We can select some columns that we want to focus on like this:

df_selection = df[['label', 'area', 'extent', 'aspect_ratio', 'roundness', 'circularity']]
df_selection
label area extent aspect_ratio roundness circularity
0 1 429.0 0.572000 2.088249 0.451572 0.680406
1 2 183.0 0.792208 1.782168 0.530849 0.801750
2 3 658.0 0.870370 1.067734 0.918683 0.902871
3 4 433.0 0.818526 1.061942 0.917813 0.906963
4 5 472.0 0.856624 1.579415 0.621952 0.844645
... ... ... ... ... ... ...
57 58 213.0 0.747368 1.296143 0.771094 0.979146
58 59 79.0 0.731481 3.173540 0.300766 0.642316
59 60 88.0 0.800000 4.021193 0.238521 0.529669
60 61 52.0 0.693333 2.839825 0.322190 0.693668
61 62 48.0 0.705882 4.417297 0.213334 0.551512

62 rows × 6 columns

And describe gives us basic statistics like max, mean, min and std of each feature:

df_selection.describe()
label area extent aspect_ratio roundness circularity
count 62.000000 62.000000 62.000000 62.000000 62.000000 62.000000
mean 31.500000 355.370968 0.761363 1.637991 0.692418 0.894101
std 18.041619 211.367385 0.065208 0.794366 0.210973 0.183024
min 1.000000 7.000000 0.541102 1.048053 0.213334 0.529669
25% 16.250000 194.750000 0.744329 1.168451 0.538616 0.805774
50% 31.500000 366.000000 0.781076 1.316003 0.757485 0.925560
75% 46.750000 500.750000 0.799519 1.769976 0.851463 0.966037
max 62.000000 896.000000 0.870370 4.417297 0.974824 1.886542

If we’re interested in specific descriptive statistics, we can derive them directly from the columns.
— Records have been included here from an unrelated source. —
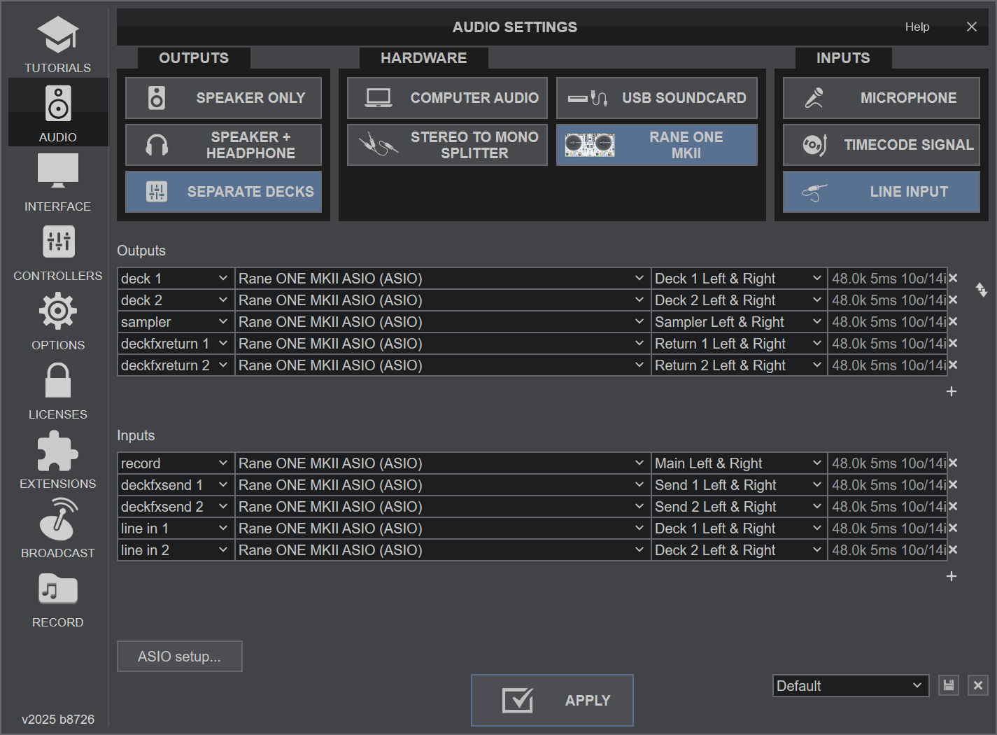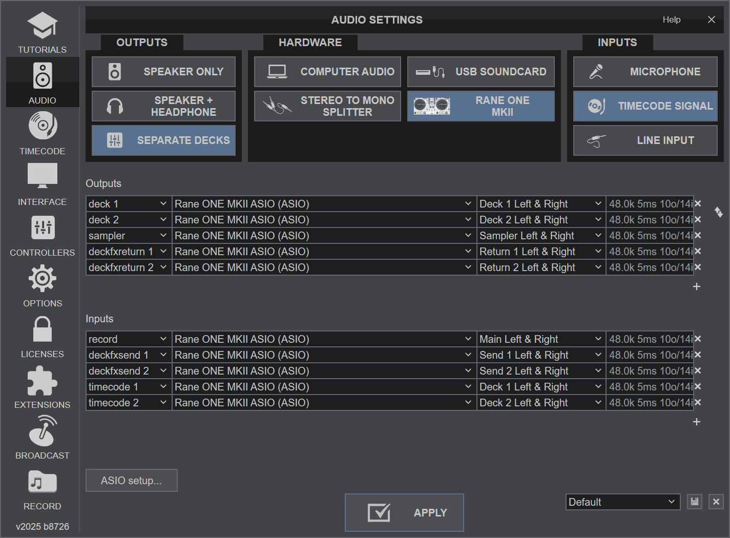 Rane One MKII Audio Configuration with Timecode Inputs Configured - Click on "Apply" button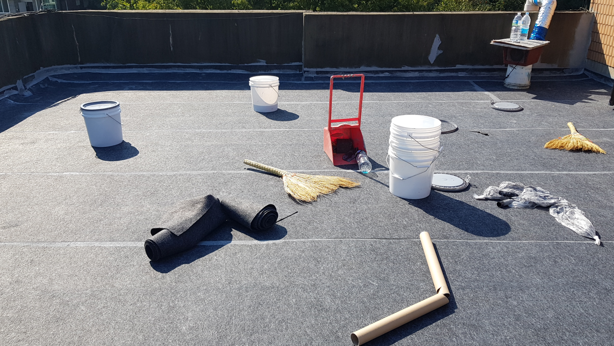 이번엔 바닥 전체에 방수시트를 부착합니다. 방수 페인트를 먼저 도포한 후 시트를 부착하면 접착제 역할을 하여 잘 붙습니다. 시트는 옥상의 크랙이 다시 갈라지지 않게 잡아주는 역할을 합니다. 하자의 재발률을 낮추기 위한 과정입니다.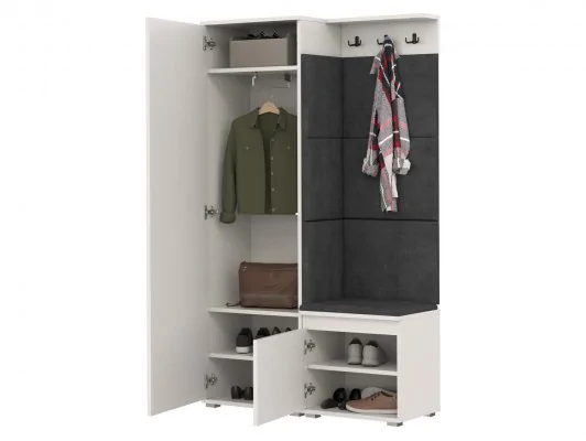 Nowoczesny funkcjonalny komplet do przedpokoju dostępny w 3 wersjach kolorystycznych oraz trzema kolorami siedzisz i paneli.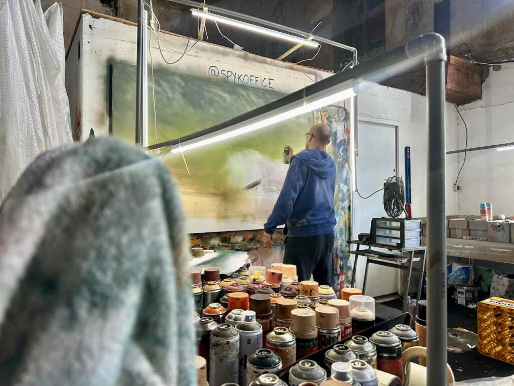 Ce lieu est formidable pour moi car je travaille à l’aérosol. Avec le temps qu’il fait ici je peux aérer très facilement pour ne pas m’intoxiquer presque toute l’année. Je n’ai pas besoin de travailler en manteau et je n’ai plus mal à la tête. En Belgique actuellement, il ne fait déjà plus que six ou sept degrés et ça va durer jusqu’à fin mars. L’espace intérieur est immense et dans son jus. Je m’y sens beaucoup mieux que dans un petit atelier design et blanc. J’aime ce côté capharnaüm même si je vais tâcher d’organiser tout cela un peu mieux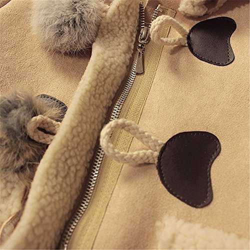 Candykids キッズ コート アウター 裏起毛 ポンポン付き 厚手 暖かい中長め 女の子 子供服 ジャケット 秋冬春 ブルゾン フィート付き (130cm, カーキ色)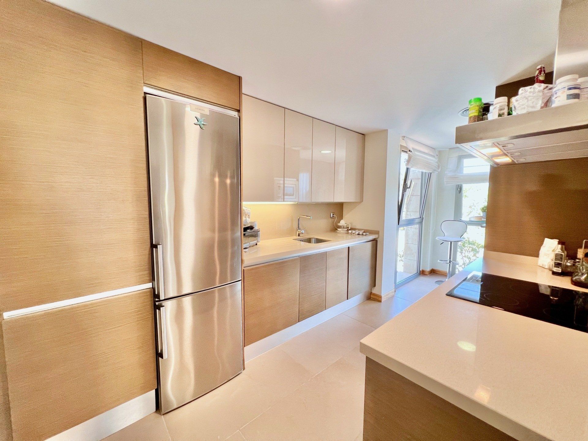 El apartamento tiene dos dormitorios y baños, uno de los cuales es "en suite", y una sala de estar-comedor abierta y muy luminosa. La cocina totalmente equipada incluye una gran nevera con congelador, vitrocerámica, horno y microondas Siemens. Allí también se encuentra una lavadora con secadora integrada.
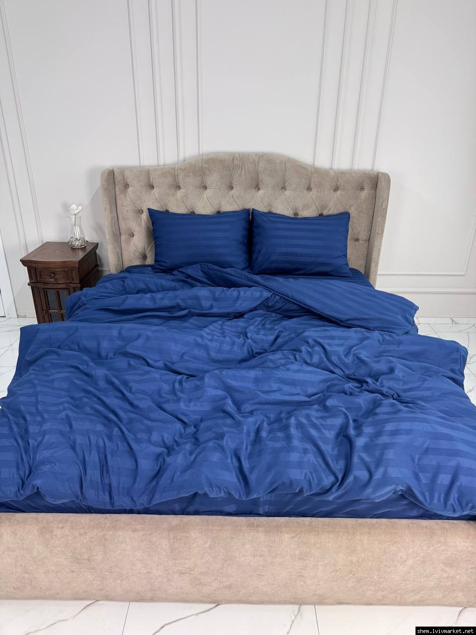 Тканина із Страйп-Сатину надає гладкість та шовковистість зовнішньої сторони, чим забезпечує приємне відчуття. Ніжна на дотик фактура, яка не ковзає та має легкий відблиск.

df_selection['area'].mean()
355.3709677419355

Exercises#

Make a table with only area, mean_intensity, standard_deviation_intensity and label.

How many object are in the dataframe?

How large is the largest object?

What is the mean intensity of the brightest object?

What are mean and standard deviation intensity of the image?